Column descriptions:
- status_id: unique id for each tweet
- user_id: unique ide for a user
- created_at: datetime for when the tweet was created
- screen_name: user's Twitter handle
- text: content of the tweet
- source: link to the tweet
- reply_to_status_id: tweet id to which this tweet is a reply
- reply_to_user_id: user id to which this tweet is a reply
- is_quote: whether or not this tweet is a quote
- is_retweet: whether or not this tweet is a retweet
- favourites_count: number of users who favorited this tweet
- retweet_count: number of times this tweet was retweeted
- country_code: two-letter code for countries
- place_ful_name: full name of the place if geo-tagged (New York, NY)
- place_type: urban or rural?

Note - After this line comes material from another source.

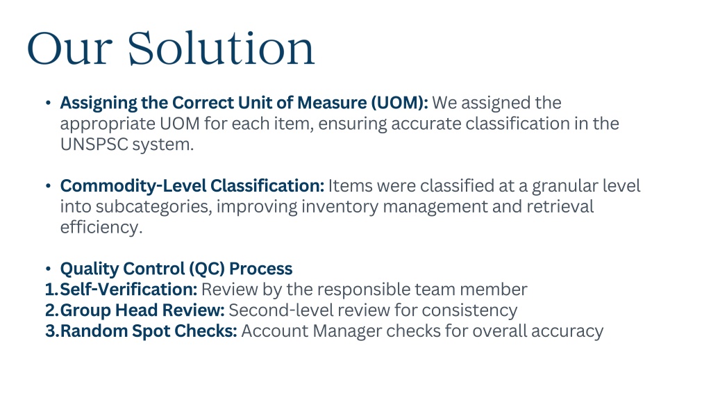 Our Solution • Assigning the Correct Unit of Measure (UOM):We assigned the appropriate UOM for each item, ensuring accurate classification in the UNSPSC system. • Commodity-Level Classification:Items were classified at a granular level into subcategories, improving inventory management and retrieval efficiency. • Quality Control (QC) Process • Self-Verification:Review by the responsible team member • Group Head Review: Second-level review for consistency • Random Spot Checks: Account Manager checks for overall accuracy
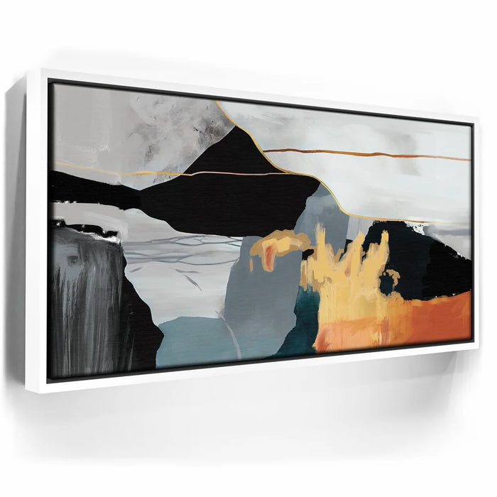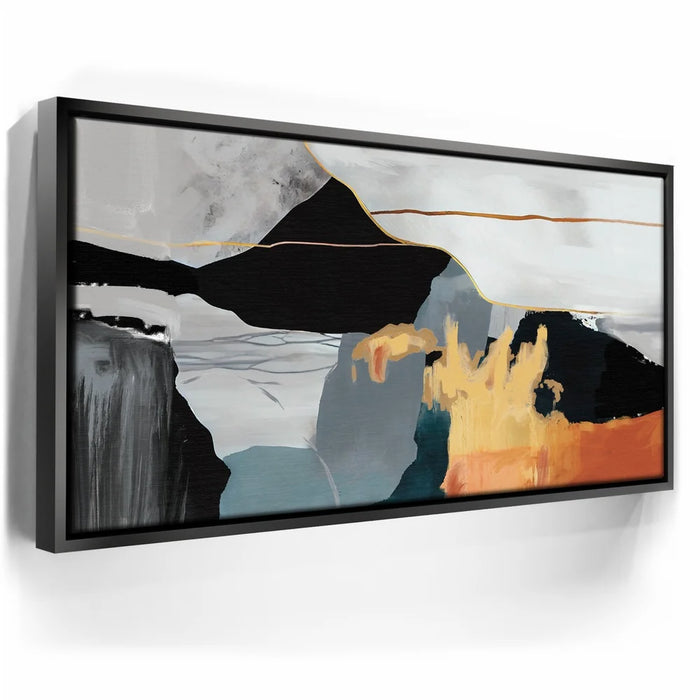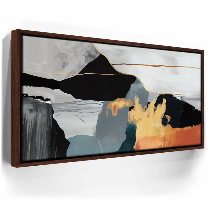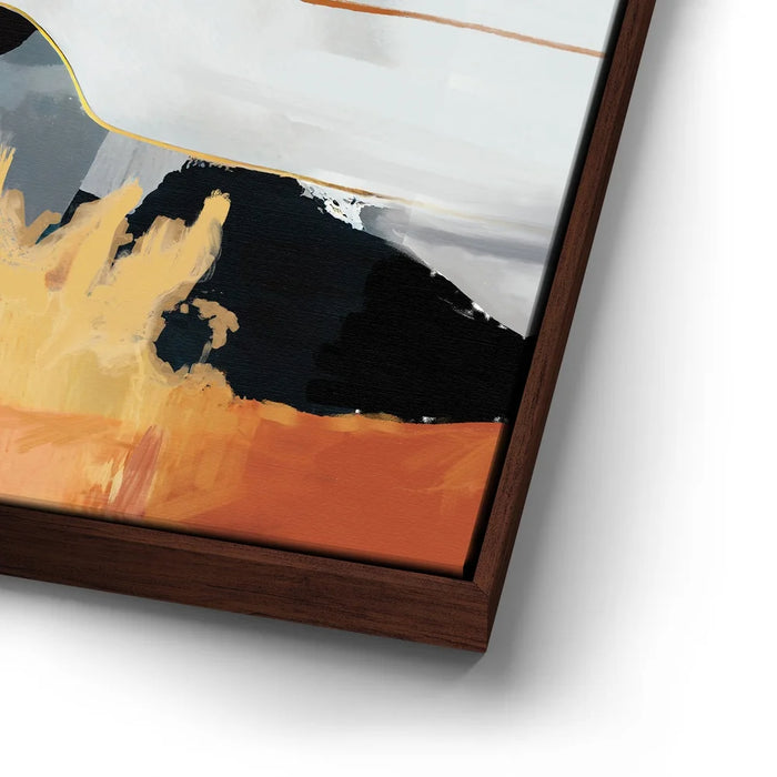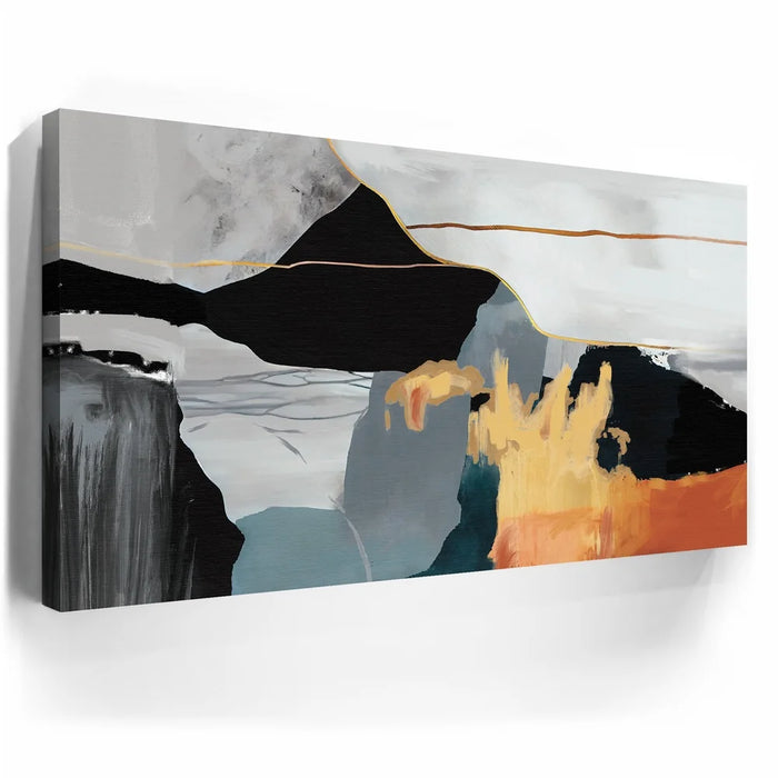 Perfect for modern boho or earth-toned interiors. Keywords: desert-inspired abstract, earthy color palette, modern landscape wall art, burnt orange and black canvas, canyon wall decor, golden accent abstract.

Can be NaN if not geo-tagged
- followers_count: number of followers this user has
- friends_count: number of people this user follows
- account_lang: the language setting of the user account
- acount_created_at: the date when the account was created
- verified: whether or not the user is verified (i.e., has blue check mark or not)
- lang: the language of the tweet

Let's get the unique language codes in the dataset.

In [None]:
tweets['lang'].unique()

As shown, there are many languages in the dataset.

Let's only get the rows whose `lang` values are `en`.

In [None]:
# select rows whose lang is en
tweets_en = tweets.loc[tweets['lang']=='en']

In [None]:
tweets_en.shape

It looks like there are 8,133,785 tweets whose language code is "en" (i.e., English). We want to keep only English tweets for this analysis. There are three reasons for this:
- We are primarily concerned with any presence of bots that may have influenced English-speakers. 
- We may do natural language processing down the line. English language has lots of references to utilize.
- The author of this notebook is fluent in a very limited number of languages.

Export the English-only tweets as a CSV file.

In [None]:
tweets_en.to_csv('data/tweets_en_colab.csv')

`tweets_en` which includes only English tweets contains 8,133,785 rows (tweets) and 21 columns.

Data cleaning will be continued in the second notebook.